By default, it blocks third-party scripts/cookies/XHRs/frames (with an additional explicit blacklist). You then manually whitelist on a matrix which types of requests from which domains you want to allow. Your preferences are saved.
It is a bit annoying the first time you visit any new domain, because you need to go through a bootstrapping whitelist process to make it work. After a while I find I do it almost automatically though.
I use it in conjunction with uBlock Origin and Disconnect, and it still catches the vast majority of things. As a nice side-effect, I find I keep pretty up-to-date with new SAAS companies coming out!
Any browser plugin is inferior to using a hosts file. Hosts file's blackhole any network request before even attempting to make a connection. These browser plugins only help if you're using the specific browser — they aren't going to help that electron/desktop app that's phoning home. They wont help block inline media links (Messages on a Mac pre-rendering links) that show up in your chat programs which attempt to resolve to Facebook. They also wont block any software dependency library that you install without properly checking if it's got some social media tracking engine built in.
I don't even waste time or cpu cycles with browser based blocking applications. Steven Black's[1] maintained hosts files are the best for blocking adware, malware, fakenews, gambling , porn and social media outlets.
That doesn't stop anyone using IP addresses directly, and I find that a small minority does (but that minority does including, e.g. Microsoft for some Win10 updates).
Depending on your threat model, you might need to go the proxy/firewall route.
Hosts file is a weird middle ground - that has to be installed and maintained on every device, many of which (e.g. iphone/ipad) won't let you do that. It's better to set up a local DNS, which will serve every local machine; and as I mentioned, doing this at a firewall level is better yet.
I started using the brave browser, which i noticed blocks alot of network requests. Loading the NYT took about 25 seconds to finish all requests using chrome. With brave it took 4 seconds. Also brave gives you the option to pay the sites you visit with BAT tokens, if you want. Brave in conjunction with Pi-hole looks like even more secure and perhaps further page load speed.
That's mostly what I use at home too. It works very well.
It doesn't quite work well while on the road sometimes. For those cases, I have a docker running diginc/pi-hole (with some additional hosts file blocking going on), then I point my laptops DNS towards that and am good to go.
Running your own DNS server, and intercepting DNs traffic on your routerC is better for two reasons
1) processes and machines that bypass hosts are also caught
2) a large hoss file takes time to parse, line by line, slowing every DNA lookup. A DNs server should cache the entire better.
I have scripts and compiled utilities that transform HOSTS file to tinydns format. I use nsd as well which uses BIND format. I prefer the tinydns format.
Zone files are more flexible than HOSTS files, but I still use HOSTS as well. I have never had a concern about the speed of using HOSTS. It is certainly faster than DNS.
There is a comment in this thread where someone asserts that HOSTS was never designed to handle "millions of entries".
I would be interested in reading about a user who visits "millions" of websites or otherwise needs to do lookups on "millions" of domains.
I maintain a database of every IP address I am likely to use on a repeated basis, in several formats, with kdb+ as the "master" format. I believe most users will never come close to intentionally accessing "millions" of IP addresses in their entire lifetime.FN1 I could be mistaken and it would be interesting to learn of a user who can dispel this belief.
FN1. If you think about this, it may cause you to question the necessity of DNS for such users. Or not. Times have changed since the advent of HOSTS. They have also changed since the advent of DNS. For example, using "consumer" hardware, I can fit all the major ICANN TLD zones on external storage and the entire com zone (IMO, by far the most important) in memory. This is many, many more domains than I will ever need to look up. Assuming at best I will not live much longer than 100 years, I could not and will not explore them all or even a significant fraction.
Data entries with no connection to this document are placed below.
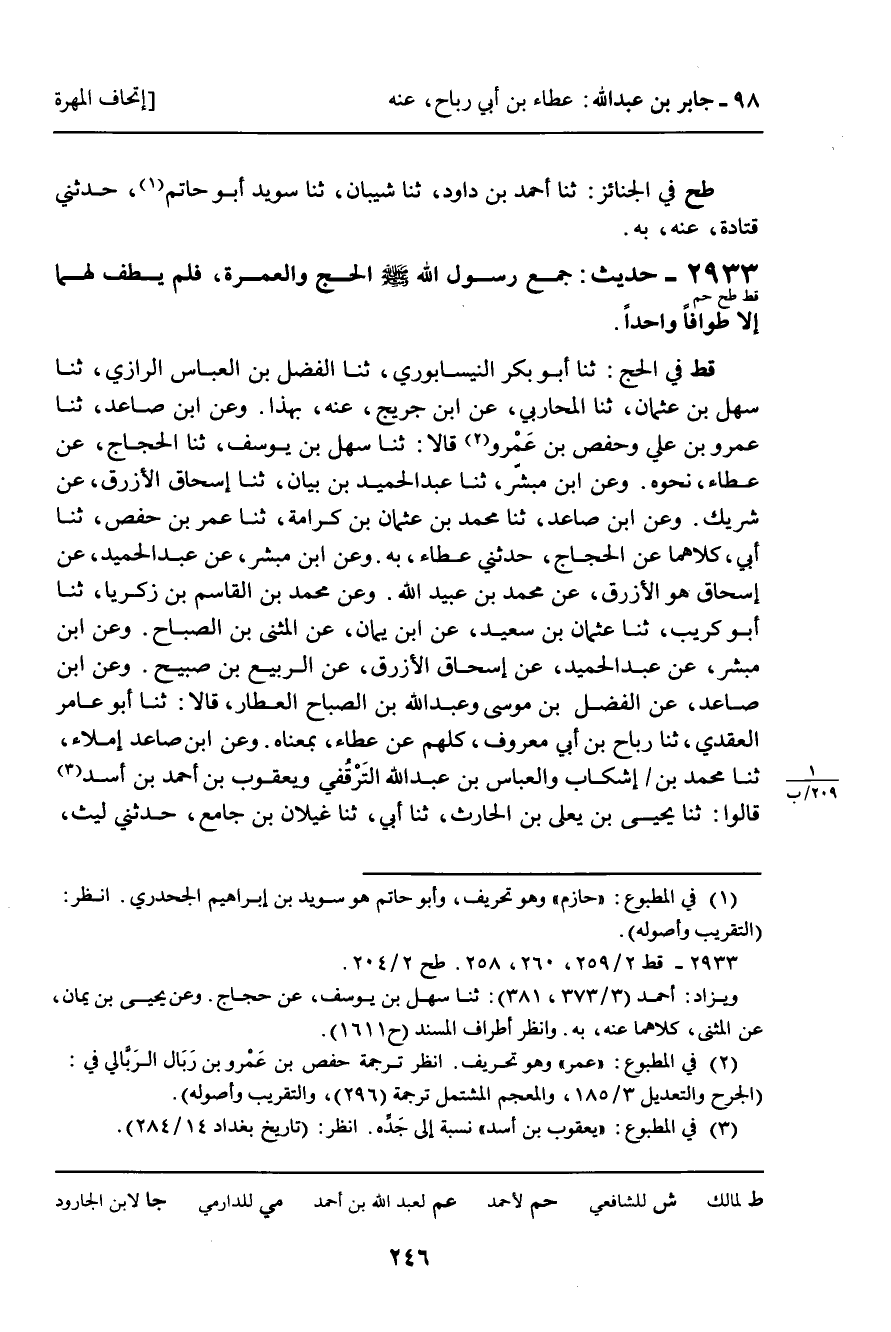 2933 - حَدِيثُ (قط طح حم) : جَمَعَ رَسُولُ اللَّهِ صَلَّى اللَّهُ عَلَيْهِ وَسَلَّمَ الْحَجَّ وَالْعُمْرَةَ، فَلَمْ يَطُفْ لَهُمَا إِلا طَوَافًا وَاحِدًا.
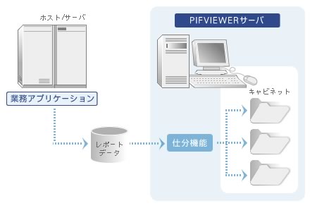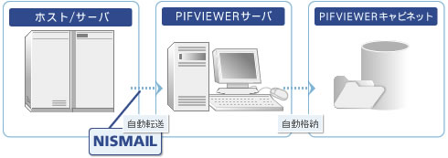- 上位ホスト/サーバからのレポートファイルの転送をトリガーとして形式変換→キャビネットへの格納を自動的に行います。転送ツールとしてNISMAIL(注1)をご利用いただくとデータ転送の確実性が向上します。
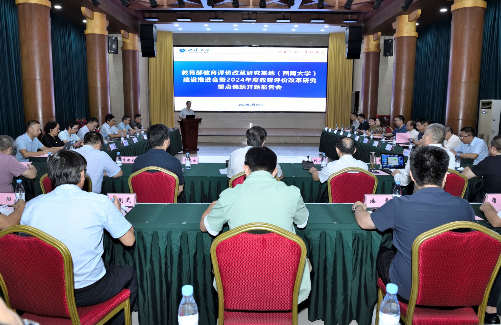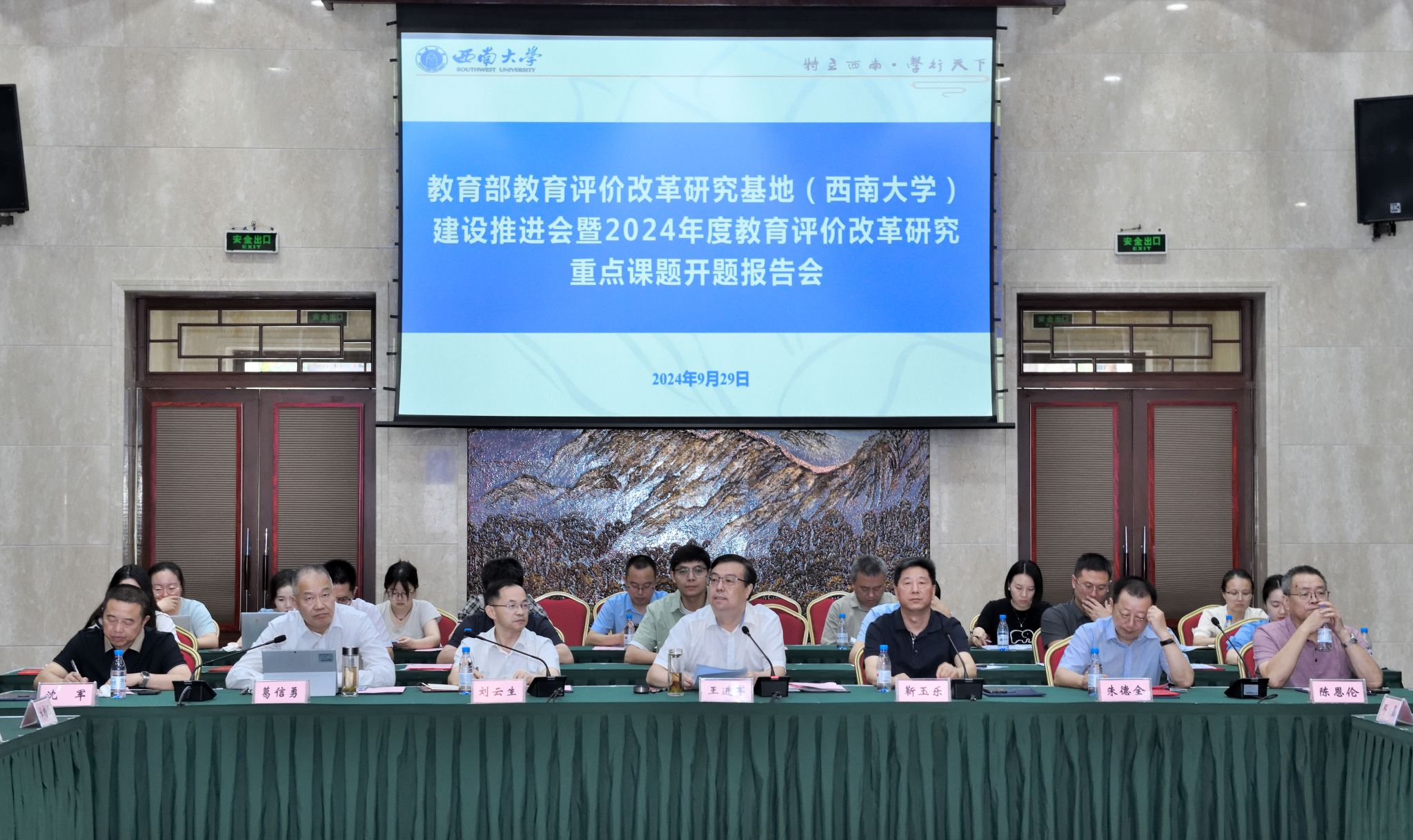 9月29日下午,教育部教育评价改革研究基地(beat365在线唯一官网登录)建设推进会在东方红会议厅召开。深圳大学教育学部主任、文科资深教授靳玉乐,重庆市教育评估院院长刘云生,重庆市教育科学规划办副主任、市教科院科研处处长沈军,教育评价改革研究基地负责人、学术委员会委员以及基地研究人员参会。校长王进军,副校长、教育部教育评价改革研究基地(beat365在线唯一官网登录)主任葛信勇出席会议。学校社会科学处处长王牧华主持会议。

If you know which DNS names you will need to know, then yes, there's no need for more than a hosts file.
Until DNS changes.
If I move a server from one IP to another, I change DNS, and in $TTL time everyone's pointing at the new server. Apart from you with a hosts file. How does that work if everyone has a hosts file?
If I say "check out this interesting story on blahblah.com", you don't have it in your hosts file, how do you get it?
I maintain a list of every phone number I am likely to use on a repeated basis, but sometimes I need to look up a phone number I don't know (in the old days this was a phone book locally, and directory inquiries further afield. Now it's ddg and assume they have a website. Which isn't in my hosts file or dns cache, and I've never visited before)
I maintain DNS entries for my home network of a dozen devices -- I host it on my mikrotik, but it's handy to have, when I type "ssh laptop" rather than remembering if it's on .71 or .73. It's one step better than a plain text file, as there's a standard based way to remotely query it. At work I maintain a DNS server with 2000 entries on my network, which is actually hosts file powered, but again I use dnsmasq for the DNS server rather than rsyncing that hosts file to 2000 machines.
"How does that work if everyone has a hosts files?"
In your particular case, I dont know. You have to do what best suits your needs, whatever they are.
Here is how someone else solves the problem of changing IP addresses. For my needs, I actually like this method.
The entire ICANN DNS used to be bootstrapped to a small text file called "root.hints", db.cache, named.root, named.cache, or something else. As far as I know, it still is.
How does one know the IP address from which to retrieve this text file?
Maybe they have it memorized, or written down somewhere, or perhaps it is written into some DNS software default configuration. In all cases, they have this address stored locally.
No remote lookup.
What happens when the administrator of the server that publishes the text file wants to change IP addresses?
This does not happen very often, but it does happen. What do they do? Considering that the entire ICANN DNS was bootstrapped to this one file, and assuming this is truly meant to be a dynamic system, then this is arguably the most important IP address on the internet.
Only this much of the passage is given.